## Your instructions:
Leaving out every picture, please repeat exactly the line that contains "будем проводить исследования." and each line after it through the final line below.

## Data below:
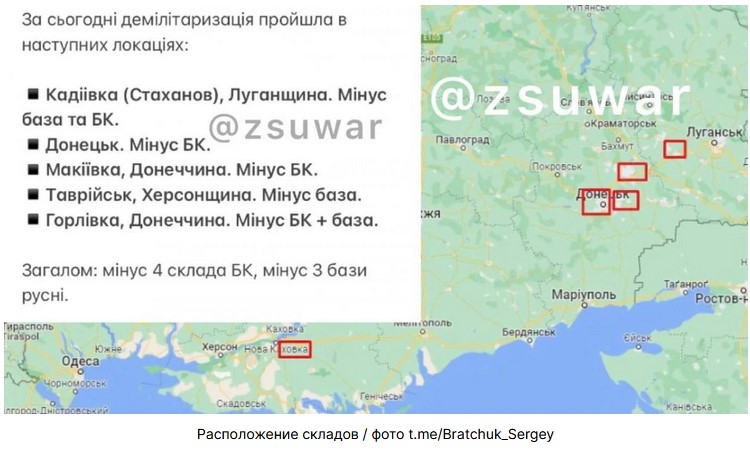 Напомним, на днях стало известно о поражении склада боеприпасов в Кадиевке (бывший Стаханов), Луганская область. Детонация длилась два часа после попадания.
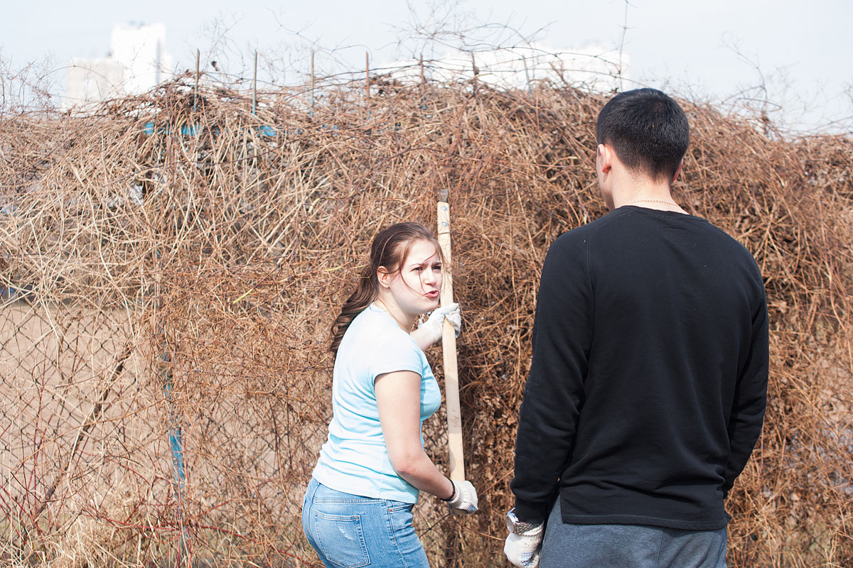 —Мы убрали старый деревянный настил, засохшую лозу с забора, - говорит будущий агроном Юлия Устинова. – Теперь поле готово к посадке, на нем мы будем проводить исследования.
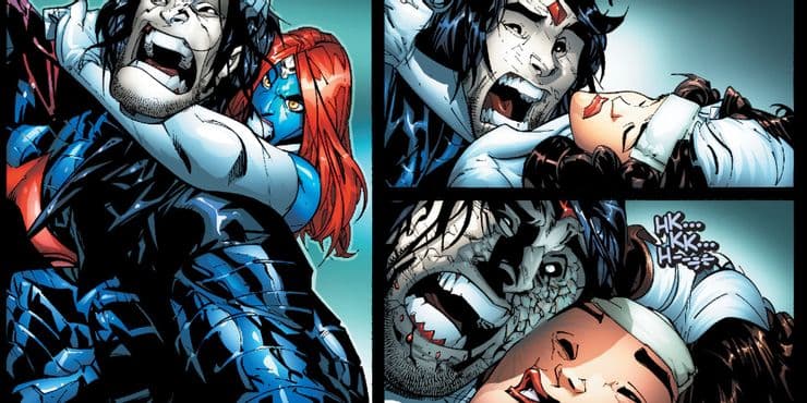 Lo gracioso de la situación es que la mutante azul arroja a Mr. Sinister sobre Rogue, quien se encuentra completamente noqueada. Al quedar mejilla con mejilla el poder de la sureña se activa y comienza a absorber la energía vital del villano hasta la muerte.
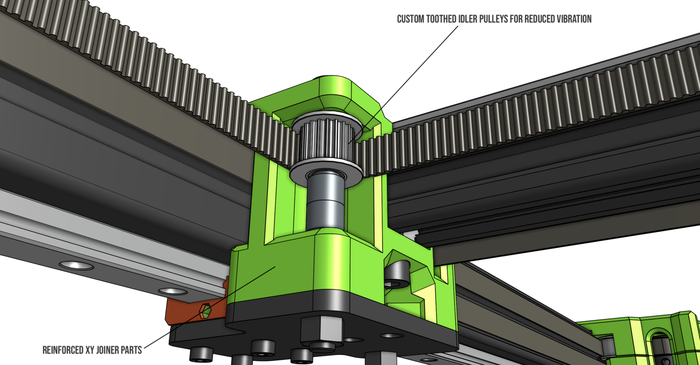 Cinemática CoreXY con correas de 9mm que le dan una robustez increíble a este tipo de máquinas además que aquí de nuevo Ratrig hicieron un trabajo excepcional en la colocación de las mismas y el diseño de las piezas de soporte.

## Solution to this task:
 —Мы убрали старый деревянный настил, засохшую лозу с забора, - говорит будущий агроном Юлия Устинова. – Теперь поле готово к посадке, на нем мы будем проводить исследования.
 Lo gracioso de la situación es que la mutante azul arroja a Mr. Sinister sobre Rogue, quien se encuentra completamente noqueada. Al quedar mejilla con mejilla el poder de la sureña se activa y comienza a absorber la energía vital del villano hasta la muerte.
 Cinemática CoreXY con correas de 9mm que le dan una robustez increíble a este tipo de máquinas además que aquí de nuevo Ratrig hicieron un trabajo excepcional en la colocación de las mismas y el diseño de las piezas de soporte.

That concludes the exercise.